Мы рождаемся в отличие от вас для духовных дел. То, что мы, лягушки, делаем, имеет значение для всего живого, но далеко не все существа знают об этом. Если сказать точнее, то никто из существ не знает, на сколько мы значимы в окружающем их мире. Природа бесамосущностного находится в каждой из нас. Мы рождаемся, живём и умираем без рождения, без жизни и без смерти. В своём первозданном облике, мы вообще не рождаемся, не живём и не умираем, но знаем всё о рождении, жизни и смерти. Какое невеселое повествование – жизнь людей. Они боятся смерти, они не выносят вида растерзанного тела, но с любопытством разглядывают увечья, если им показывать их каждое в отдельности. Пользуясь предоставленной возможностью быть услышанными вами, мы говорим:
Люди! Вы все непременно умрёте. Все умрут, не умрём только мы, ведь мы не рождались и не жили. И хотя нам грустно видеть людей, мы не расстанемся с вами до тех пор, пока не умрёт последний человек. И когда ваша цивилизация исчезнет, все лягушки воссоединятся с Матерью Космоса – Вселенской мудрости Жабой.
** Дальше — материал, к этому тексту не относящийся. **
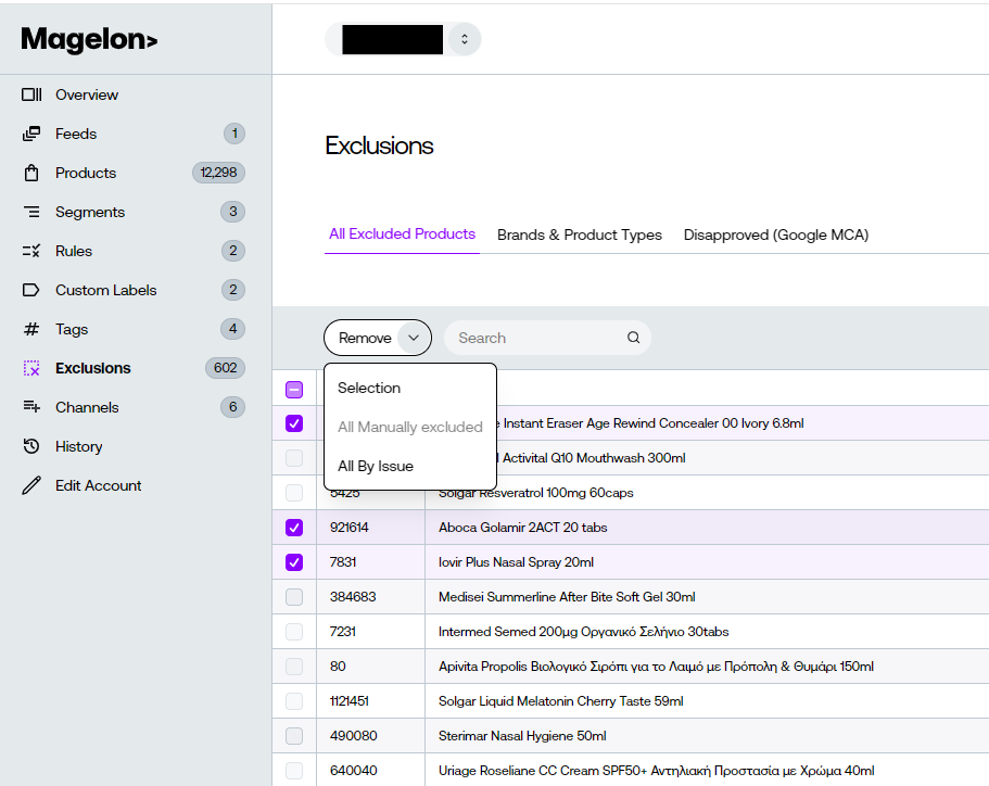 To remove from exclusions the products that are excluded manually you simply select them and click on the Remove button above the table. The drop down list with open and you can select Selection to exclude the selected products or you can select All Manually excluded to remove all the products that are manually exclude, at once. a

А пока мы живём. Мы живем не для денег, не для семьи, не для власти и славы, не для дерева-сына. Мы живём для того, чтобы понять, кто мы на самом деле и что из себя представляем. Понимая это, каждая из нас объединяется с Космической Прародительницей и через это объединение получает доступ к Первейшему Знанию Матери. Мы постоянно думаем о том кто же мы на самом деле. Когда мы едим, мы думаем об этом. Когда мы спим, мы тоже думаем. Мы не думаем о том, что мы едим и где спим, и так до тех пор, пока не познаем суть природы вещей. Мы – лягушки… Мы изнанка этого мира, его оборотная сторона. Квак бы подобрать слова, чтобы передать вам наши, лягушачьи, озарения о смысле жизни? У нас длинный язык, мы постараемся рассказать, а вы постарайтесь представить.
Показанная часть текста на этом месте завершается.